I had soaked the weft in the bathtub but found it awkward. So this time I brought it down to the utility tub and soaked it there, Then I squeezed out the water as best as I could. I applied 1/4 cup of the goop by hand putting small amounts on each section of the fiber and massaging it in. I squeezed out the excess and ran my hands over the fiber to smooth out any blobs of goop. I left the skein to drip in the tub and then I took it upstairs and stood it up in the guest bathroom sink. I had done this with the weft and I knew that it sat in there very nicely with stability. I was afraid that if I left it in the utility tub, someone would run water over it accidentally.

I finished the Z-spun warp first and it was dry in 2 days. As it dried, I went by periodically and made sure that strands weren't sticking to each other. I wound this skein as I normally do, tightly. I found that it was difficult separating strands when it was wound so tightly. I had,  I also wound it with strands overlapping each other. Fortunately, tied the figure-8 ties loosely. I always do that so that the twist and the water can get in under the ties.
It is stiff but each strand is separate. Sarah Anderson recommends winding it into a ball which I will do before I warp.

Today I repeated the process with the S-spun warp. I wound the skein much more loosely and also made sure to lay each strand next to the previous one making sure they didn't overlap. That made it easier to separate the strands after the goop was applied. I will continue to separate them as it dries. It looks exactly like the skein above. I made sure to label the first skein so I wouldn't get them mixed up.

My plan is to alternate the S and the Z spun warps with the Z-spun threaded more loosely on the heddle and the S-spun threaded at double the density or sett. The relative sizes of these that I found aesthetically pleasing was 1" with the wider sett and 1/2" with the denser sett. I am thinking I will use a 10 dent heddle. I need to calculate how wide and long I can make it now that i know how much yardage i have. I need a wide sett to provide space for the weave to collapse but I also want some structure. I don't want it all to collapse into a crumpled ball!

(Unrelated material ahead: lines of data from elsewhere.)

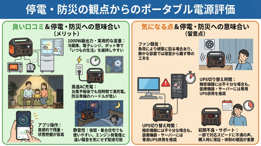 また、パソコンやネットワーク機器を接続して「準UPS(無停電電源装置)的」に使っているユーザーからは、瞬断レベルの停電であれば問題なく乗り切れたという報告もあります。
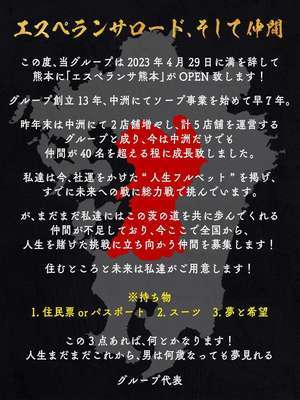 はじめまして!堀松と申します。以前は違うグループにいましたが、半年前にエスペランサグループにきました。最初は福岡の系列店で研修及び勉強をさせていただき、三か月前にエスペランサ熊本に配属。まわりのみんなのおかげで今では店長をさせていただいております。夢のある風俗業界であなたも一緒に稼ぎませんか?年齢や環境それぞれ色々とありますが、どんな状況であれ、自分がどうしたいのか、どうなりたいのか、あとはやるかやらないかだけです。この職業ですから稼がないと意味がないと思います。でもどうせやるなら明るく楽しく朗らかに!笑顔で稼げるエスペランサ熊本を目指して、一緒に夢を叶えましょう!ご応募お待ちしております。
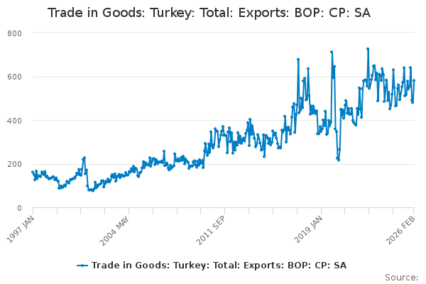 Download this time seriesTrade in Goods: Turkey: Total: Exports: BOP: CP: SA
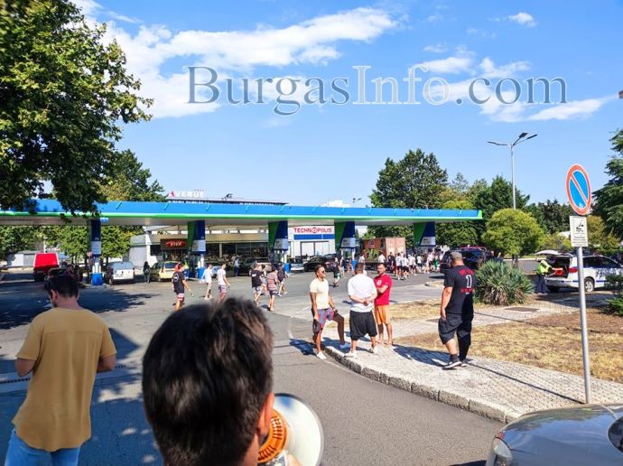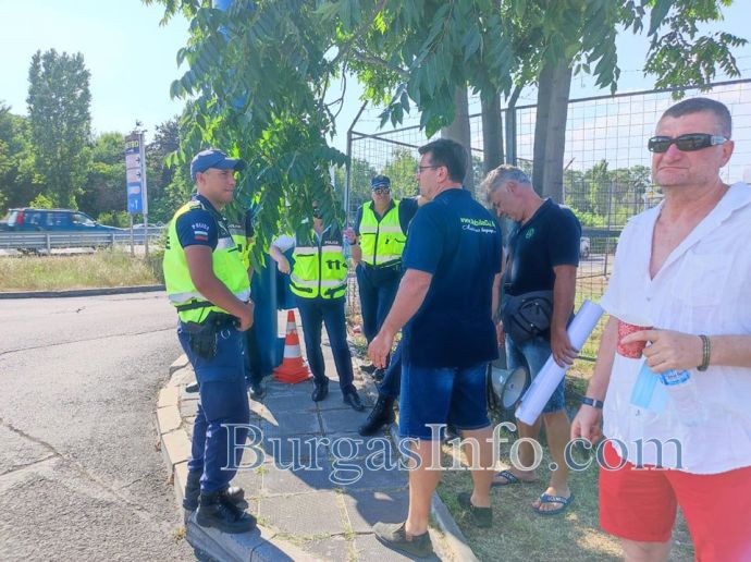 Организаторите изчакваха половин час да се съберат представители на заведения по Южното Черноморие, за да излязат и да затворят двете ленти на платното на излизане от Бургас, в посока София, до кръговото кръстовище край магазин „Метро”. Към 16:30 ч. на място бяха дошли около 50 души, като се очакваха още няколко коли от Слънчев бряг и Поморие.![]()
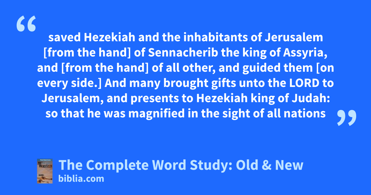 saved Hezekiah and the inhabitants of Jerusalem [from the hand] of Sennacherib the king of Assyria, and [from the hand] of all other, and guided them [on every side.] And many brought gifts unto the LORD to Jerusalem, and presents to Hezekiah king of Judah: so that he was magnified in the sight of all nations
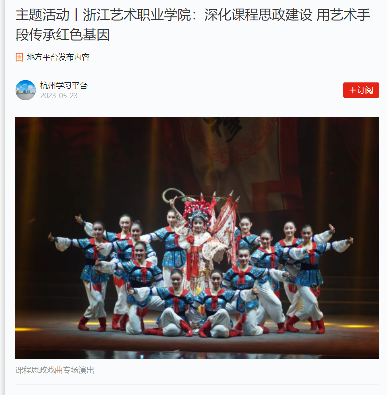 學(xué)習(xí)強國杭州平臺:主題活動丨浙江藝術(shù)職業(yè)學(xué)院:深化課程思政建設(shè) 用藝術(shù)手段傳承紅色基因
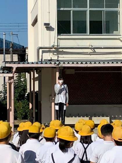 今日は、良い天気の下、運動場で「全校朝会」がありました。
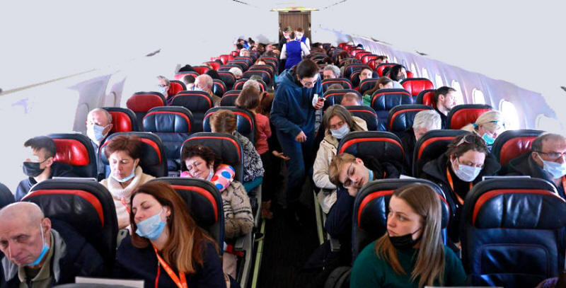 Jüdische ukrainische Flüchtlinge in einem Flugzeug, das am Donnerstag vom Flughafen Kischinjow in der moldawischen Hauptstadt nach Israel unterwegs ist.
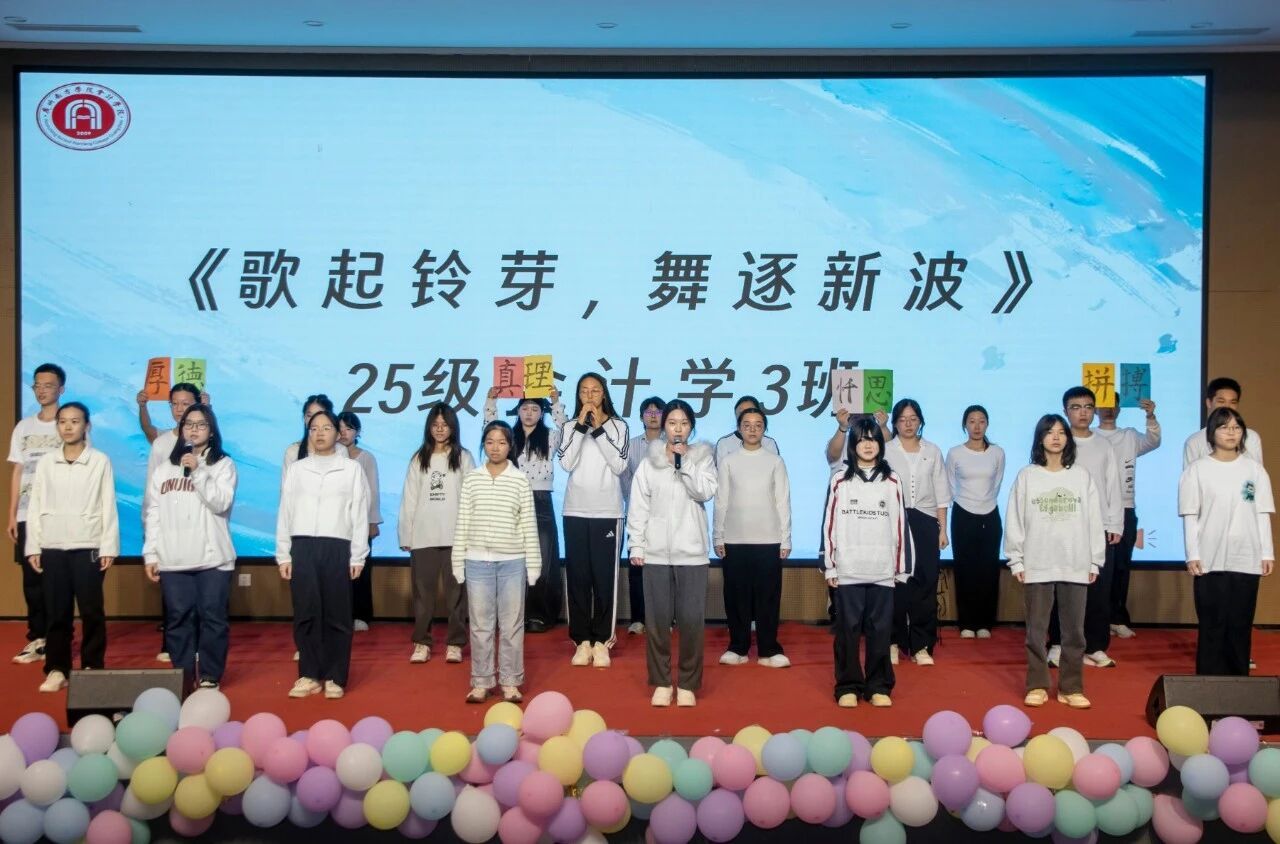 为涵养优良学风,彰显班级风采,展现会院学子昂扬向上的精神风貌。2025年11月21日,太阳成集团tyc7111“青春共舞,风采同辉”2025级班级风采大赛决赛在小礼堂成功举行。莅临本次活动的嘉宾有tyc7111cc太阳成学生处处长朱文山,太阳成集团tyc7111党总支书记、副院长董成杰、党总支副书记陈宇桂、院长助理王家碧、学生工作办公室主任薛梅,tyc7111cc太阳成学生处刘紫燕、杨伟明、刘盼盼、舒昳颖、谈俊延,太阳成集团tyc71112025级成长导师何映泽、曹学潜、胡宽、康良福、倪湧、曾佩慈、王永康,专职辅导员王力群、叶张、陈晓蔚、梁雨琪、陈静雯、朱小丽。比赛特邀tyc7111cc太阳成艺术学院教师杨艺莹、太阳成集团tyc71112015级校友王思琦、广州逸仙教育市场运营经理张姗姗、太阳成集团tyc7111升学指导中心李家辉、团委指导老师赵帅及学生代表何昊怡、张译方担任评委。
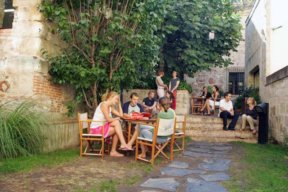 По дороге на занятия студенты могут насладиться красивым двориком и садом, которые разделяют территорию школы на три части: офисы, кафе и классы.
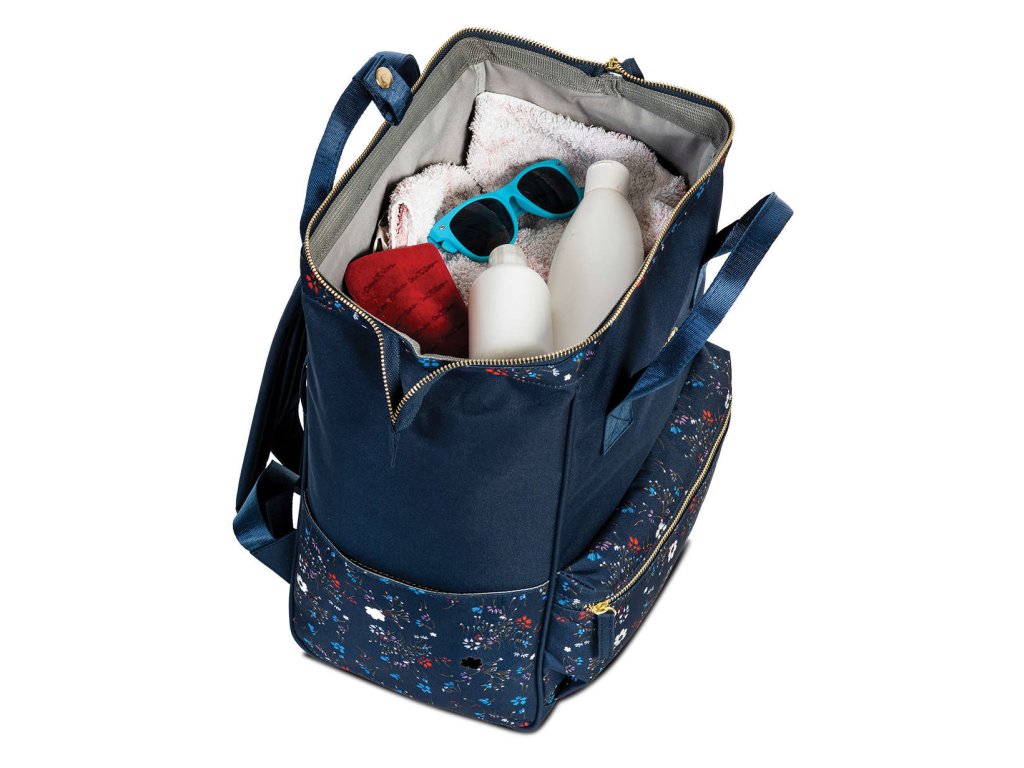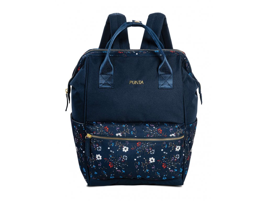 Stylový městský batoh značky Punta v oblíbené modré barvě s kytičkami. Tento trendy batoh je vhodný pro dívky i ženy. Dvě poutka pro nošení v ruce navíc představují jedinečnost ve zpracování a batoh plně nahradí kabelku.

This is the look I am aiming for but doing it on both the warp and the weft. In the sample, I only did it in the weft.
If you look at the top, I have done the 1" loose and the 1/2" dense. The bottom was done with 1" each and I didn't like that. The denser sett reduces the collapse providing the ripples. I am also alternating the S and Z spun warps so that the twist pulls the fabric in opposite directions, again providing some structure.